One of President Donald Trump’s top officials was scolded by a judge from his own party for allegedly abusing his power to target the president’s perceived political enemies.
“U.S. Circuit Judge Karen LeCraft Henderson, a George H.W. Bush appointee who recently faced criticism for her line of questioning during arguments over Hegseth's disciplinary action against Sen. Mark Kelly, D-Ariz.” harshly criticized Secretary of Defense Pete Hegseth for designating AI company Anthropic as a “supply-chain risk” based on seemingly tenuous evidence, reported Law and Crime’s Matt Naham on Tuesday. Henderson added that “for the life of me” she could not discover "any evidence of maliciousness" to justify Hegseth’s actions against Anthropic.
"I see no evidence of the fact that the word sabotage, maliciously, manipulates, and so forth require a bad actor,” Henderson said. “I see no evidence of that. I don't see that the department has in any way supported its determination that there is a supply-chain risk with Anthropic, much less a significant supply-chain risk. Is there some evidence that I haven't found that you're a bad actor?"
The government’s lawyer paused, then insisted that the Trump administration has provided enough evidence to demonstrate Anthropic’s AI model Claude “cannot safely or reliably be used for autonomous lethal warfare and mass surveillance of Americans."
Henderson replied, "To me, this is just a spectacular overreach by the department.”
Prior to this exchange, Trump’s lawyers described any procedural errors in the Defense Department’s case against Anthropic as harmless, asking the court to defend to Hegseth’s “considered national security judgment.” Anthropic’s attorneys, by contrast, argued that Anthropic is being mischaracterized as posing a supply-chain risk as “textbook retaliation” because they refused to comply with administration requests they deemed unethical.

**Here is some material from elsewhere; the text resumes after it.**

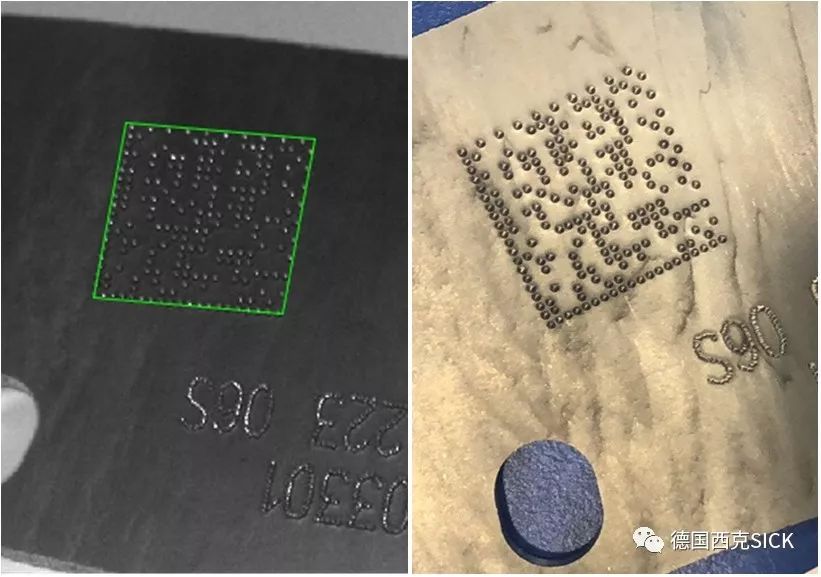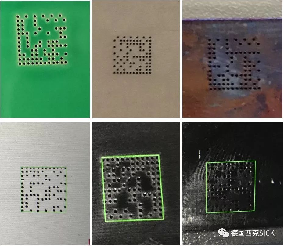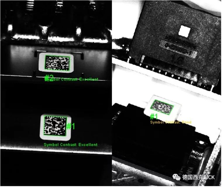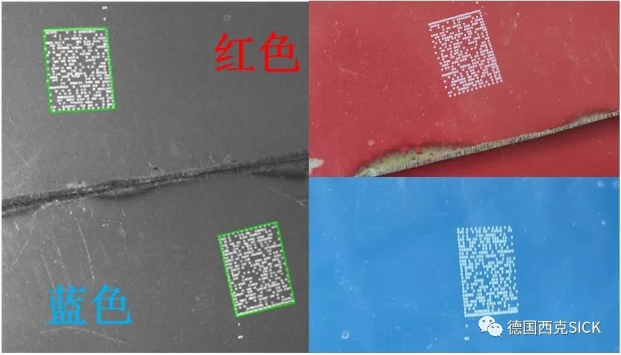 對于高反光的不銹鋼金屬表面,使用SICK特有的紅/藍(lán)光源配合使用,采用多模板功能Automatic Parameter Switching(APS),即使是低對比度的條件,也能夠完美應(yīng)對大范圍,多個二維碼的快速識別應(yīng)用。

"The Secretary's brief confirms that this is a supply-chain risk designation in search of a justification,” Anthropic’s filing said to the court.” The Secretary purported to blacklist Anthropic as a threat to national security based in significant part on the factual assertion that Anthropic possesses an 'operational veto' over Claude after it is deployed in the Department's classified systems—a demonstrably false premise that he now abandons. Instead, the Secretary falls back to a different justification. He now claims that his 'true concern' is that Anthropic in the future will surreptitiously encode model limitations 'before' Claude's 'deployment' that the Department's testing might not catch."
In addition to criticizing the administration’s actions against Anthropic, Henderson also criticized it in a previous hearing for arguing that Sen. Mark Kelly (D-Ariz.) deserves to be prosecuted for criticizing Trump’s policies. In addition to being denounced by the court, the administration’s targeting of Kelly has been denounced by military veterans as infringing on their right to free speech.
“The defense secretary first targeted Kelly because he was one of the Senate Democrats who recorded a video reminding service members that they can disobey unlawful orders, and Hegseth declared that he was reducing Kelly’s rank and military pension,” Lt. Col. Rachel E. VanLandingham (ret.) wrote for MS NOW on Sunday. “However, Judge Richard Leon of the U.S. District Court for the District of Columbia temporarily enjoined the Pentagon from doing so.”
VanLandingham added that “alarmingly, Hegseth’s new attempt to mute his nemesis Kelly is part of the Pentagon’s larger effort to muzzle all of us military retirees, especially those with legislative power.” She argued that if it succeeds, “this is quite dangerous. If the Pentagon can shut down a sitting senator, then it can shut down all of us.”